**What is being asked**
The listing, minus its pictures, is to be given again exactly.

**Stored data**
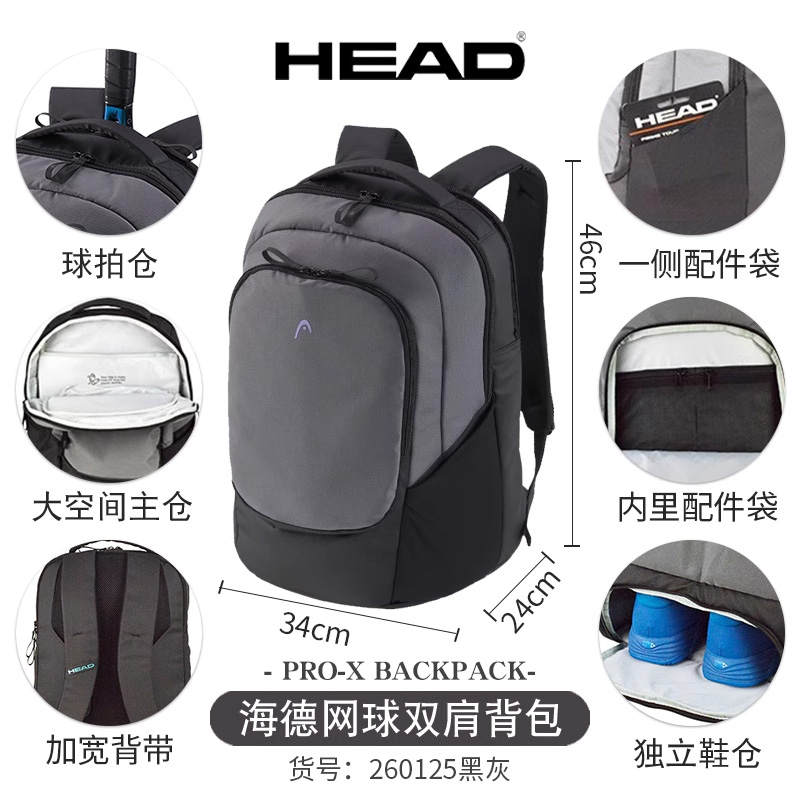 HEAD海德网球包 PRO X系列2025新款网球包双肩包旅行运动赛场包 260125 黑灰色本品参加11.11狂欢购满129减20 299减50 499减80 699减100 999减150 1299减200元大促!
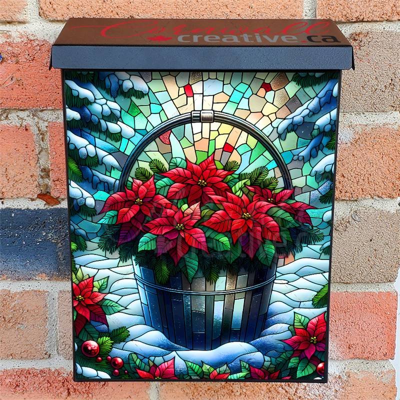 Gussy up your Mailbox and your neighborhood with this brilliant Stained Glass Christmas Poinsettias in a Bucket Colonial magnetic or self adhesive vinyl Mailbox Cover. Our magnetic covers feature a complete magnetic surface throughout the entire design, unlike lower-quality options that only incorporate two magnet strips combined with a piece of canvas. This ensures better functionality and a more reliable, stronger hold against the wind, also these covers have an additional UV protection, so your covers will not fade for many years. We offer self-adhesive and magnetic covers with both standard opaque vinyl or reflective vinyl options. The reflective mailbox covers function just like license plates and road signs, ensuring excellent visibility during nighttime. No matter the size of your mailbox, we make covers for all box sizes to suit your needs perfectly!
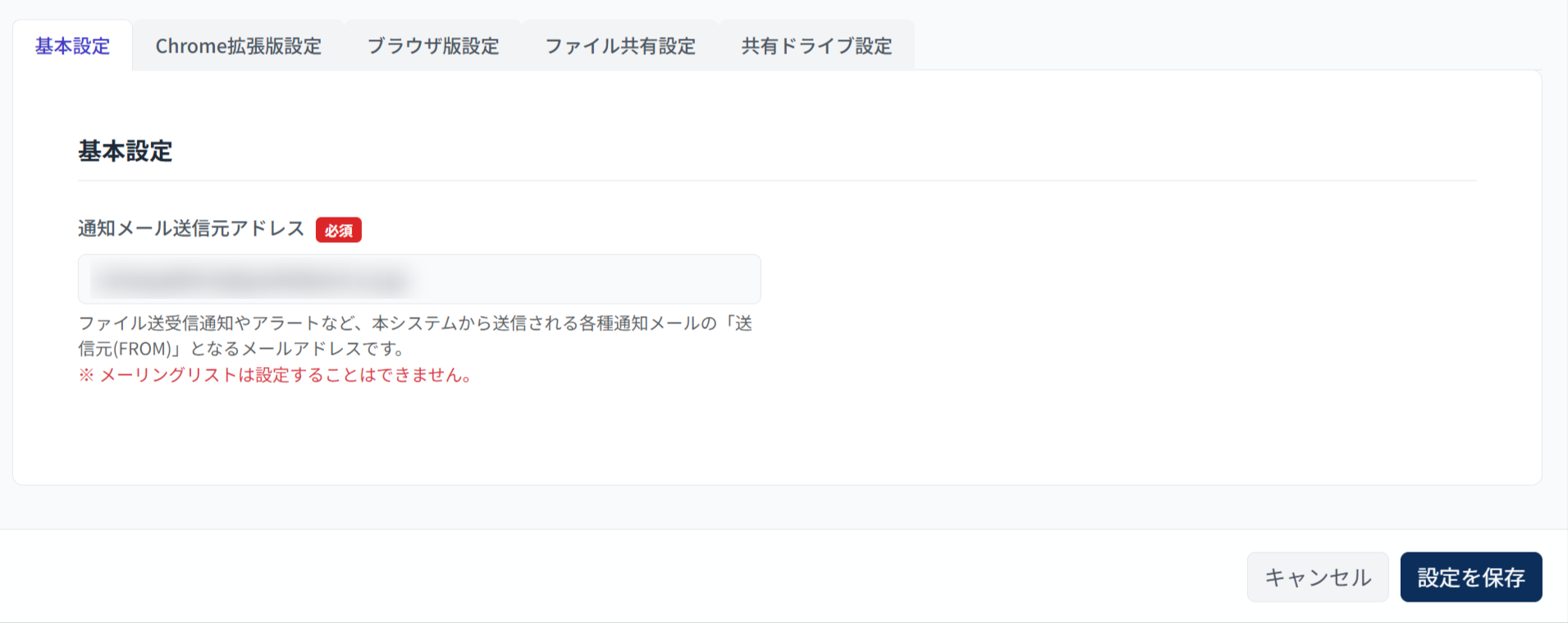 | 通知メール送信元アドレス | 必須 | ファイル送受信通知やアラートなど、Cmosy Pocketから送信される各種通知メールの「送信元(FROM)」となるメールアドレスです。 ※ドメイン内のメールアドレスをご指定ください。 ※メーリングリスト(グループアドレス)は指定できません。 |
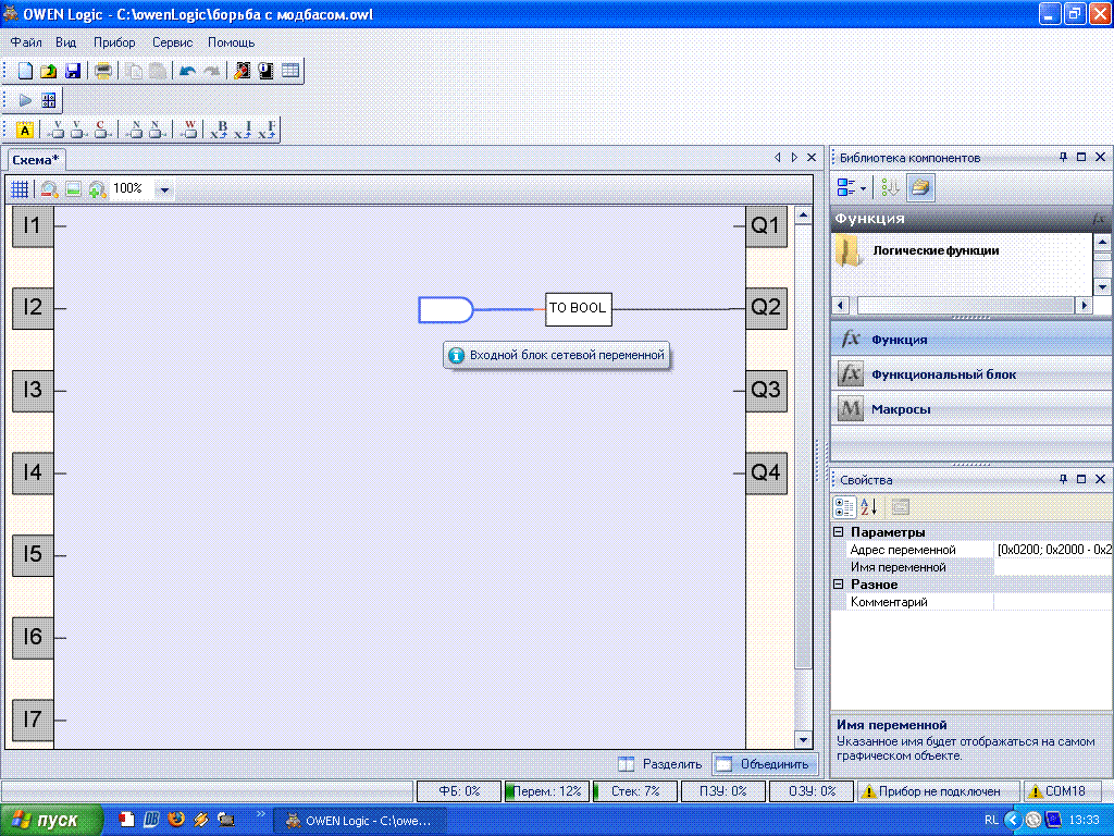 В программе использованы блок входной сетевой переменной с адресом $200 и преобразователь в булевское значение. В сетевых настройках реле выставлена скорость 115200, адрес прибора 1, без бита паритета. На этом настройка реле закончена.

**Response to this task**
 HEAD海德网球包 PRO X系列2025新款网球包双肩包旅行运动赛场包 260125 黑灰色本品参加11.11狂欢购满129减20 299减50 499减80 699减100 999减150 1299减200元大促!
 Gussy up your Mailbox and your neighborhood with this brilliant Stained Glass Christmas Poinsettias in a Bucket Colonial magnetic or self adhesive vinyl Mailbox Cover. Our magnetic covers feature a complete magnetic surface throughout the entire design, unlike lower-quality options that only incorporate two magnet strips combined with a piece of canvas. This ensures better functionality and a more reliable, stronger hold against the wind, also these covers have an additional UV protection, so your covers will not fade for many years. We offer self-adhesive and magnetic covers with both standard opaque vinyl or reflective vinyl options. The reflective mailbox covers function just like license plates and road signs, ensuring excellent visibility during nighttime. No matter the size of your mailbox, we make covers for all box sizes to suit your needs perfectly!
 | 通知メール送信元アドレス | 必須 | ファイル送受信通知やアラートなど、Cmosy Pocketから送信される各種通知メールの「送信元(FROM)」となるメールアドレスです。 ※ドメイン内のメールアドレスをご指定ください。 ※メーリングリスト(グループアドレス)は指定できません。 |
 В программе использованы блок входной сетевой переменной с адресом $200 и преобразователь в булевское значение. В сетевых настройках реле выставлена скорость 115200, адрес прибора 1, без бита паритета. На этом настройка реле закончена.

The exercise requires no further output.